[Data to examine — start]
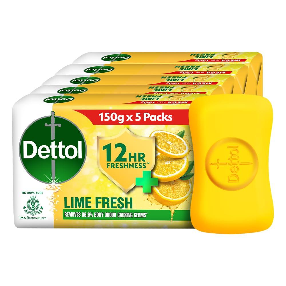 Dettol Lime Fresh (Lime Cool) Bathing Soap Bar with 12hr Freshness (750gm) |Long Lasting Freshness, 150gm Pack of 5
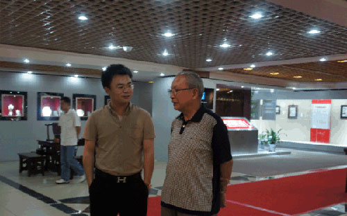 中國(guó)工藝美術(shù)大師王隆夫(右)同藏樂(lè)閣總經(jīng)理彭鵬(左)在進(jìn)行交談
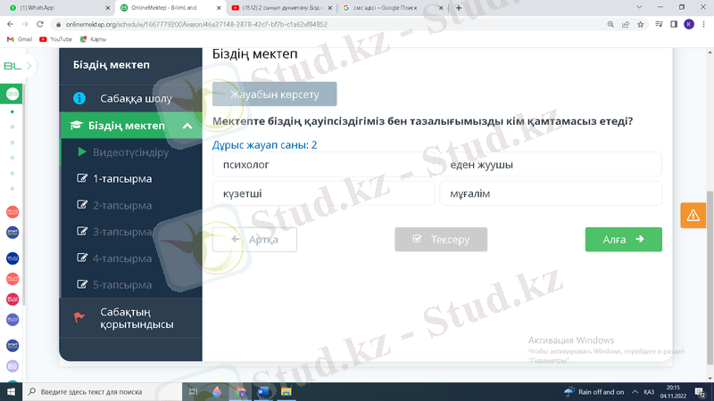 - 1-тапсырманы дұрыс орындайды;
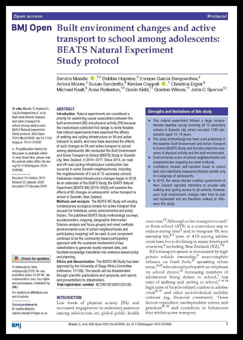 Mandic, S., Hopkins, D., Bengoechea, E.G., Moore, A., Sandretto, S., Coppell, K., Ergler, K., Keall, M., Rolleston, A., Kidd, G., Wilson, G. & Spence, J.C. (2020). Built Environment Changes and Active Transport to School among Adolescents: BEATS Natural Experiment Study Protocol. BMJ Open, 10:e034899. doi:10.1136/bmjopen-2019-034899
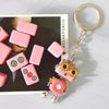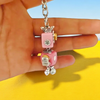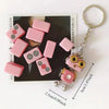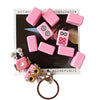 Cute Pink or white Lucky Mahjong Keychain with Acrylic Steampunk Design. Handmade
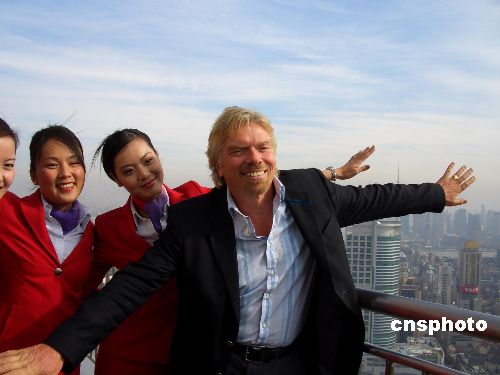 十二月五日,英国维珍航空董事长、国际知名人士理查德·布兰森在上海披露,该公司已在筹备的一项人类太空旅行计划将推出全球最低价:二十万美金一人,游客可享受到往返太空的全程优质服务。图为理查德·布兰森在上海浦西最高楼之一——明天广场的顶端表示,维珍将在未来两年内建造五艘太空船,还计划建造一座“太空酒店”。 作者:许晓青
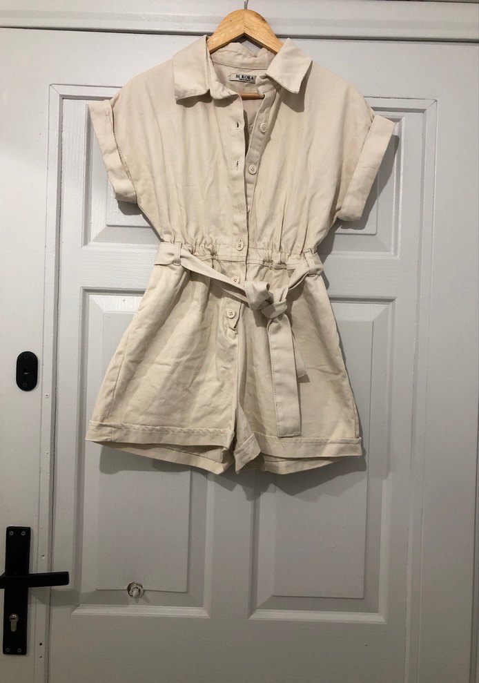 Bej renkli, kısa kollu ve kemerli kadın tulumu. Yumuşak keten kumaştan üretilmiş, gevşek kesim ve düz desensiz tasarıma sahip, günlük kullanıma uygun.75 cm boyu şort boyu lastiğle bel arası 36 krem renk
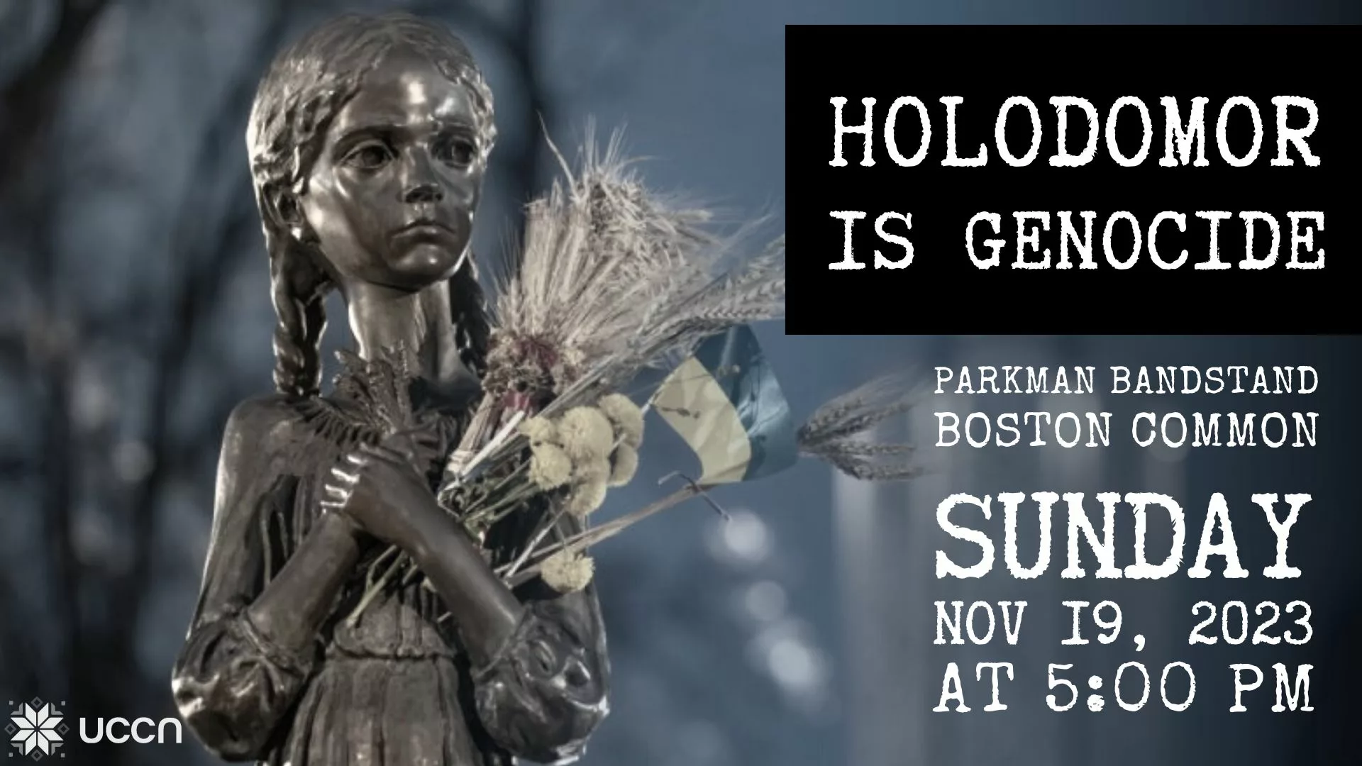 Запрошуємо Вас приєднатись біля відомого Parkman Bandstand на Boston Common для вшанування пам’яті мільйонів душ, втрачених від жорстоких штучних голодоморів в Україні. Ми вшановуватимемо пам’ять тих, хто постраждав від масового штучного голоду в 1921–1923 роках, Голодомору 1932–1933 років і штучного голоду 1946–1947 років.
[Data to examine — finish]
» Activity: Could you please return the entries above exactly, minus the pictures?

» Expected answer:
 Dettol Lime Fresh (Lime Cool) Bathing Soap Bar with 12hr Freshness (750gm) |Long Lasting Freshness, 150gm Pack of 5
 中國(guó)工藝美術(shù)大師王隆夫(右)同藏樂(lè)閣總經(jīng)理彭鵬(左)在進(jìn)行交談
 - 1-тапсырманы дұрыс орындайды;
 Mandic, S., Hopkins, D., Bengoechea, E.G., Moore, A., Sandretto, S., Coppell, K., Ergler, K., Keall, M., Rolleston, A., Kidd, G., Wilson, G. & Spence, J.C. (2020). Built Environment Changes and Active Transport to School among Adolescents: BEATS Natural Experiment Study Protocol. BMJ Open, 10:e034899. doi:10.1136/bmjopen-2019-034899
 Cute Pink or white Lucky Mahjong Keychain with Acrylic Steampunk Design. Handmade
 十二月五日,英国维珍航空董事长、国际知名人士理查德·布兰森在上海披露,该公司已在筹备的一项人类太空旅行计划将推出全球最低价:二十万美金一人,游客可享受到往返太空的全程优质服务。图为理查德·布兰森在上海浦西最高楼之一——明天广场的顶端表示,维珍将在未来两年内建造五艘太空船,还计划建造一座“太空酒店”。 作者:许晓青
 Bej renkli, kısa kollu ve kemerli kadın tulumu. Yumuşak keten kumaştan üretilmiş, gevşek kesim ve düz desensiz tasarıma sahip, günlük kullanıma uygun.75 cm boyu şort boyu lastiğle bel arası 36 krem renk
 Запрошуємо Вас приєднатись біля відомого Parkman Bandstand на Boston Common для вшанування пам’яті мільйонів душ, втрачених від жорстоких штучних голодоморів в Україні. Ми вшановуватимемо пам’ять тих, хто постраждав від масового штучного голоду в 1921–1923 роках, Голодомору 1932–1933 років і штучного голоду 1946–1947 років.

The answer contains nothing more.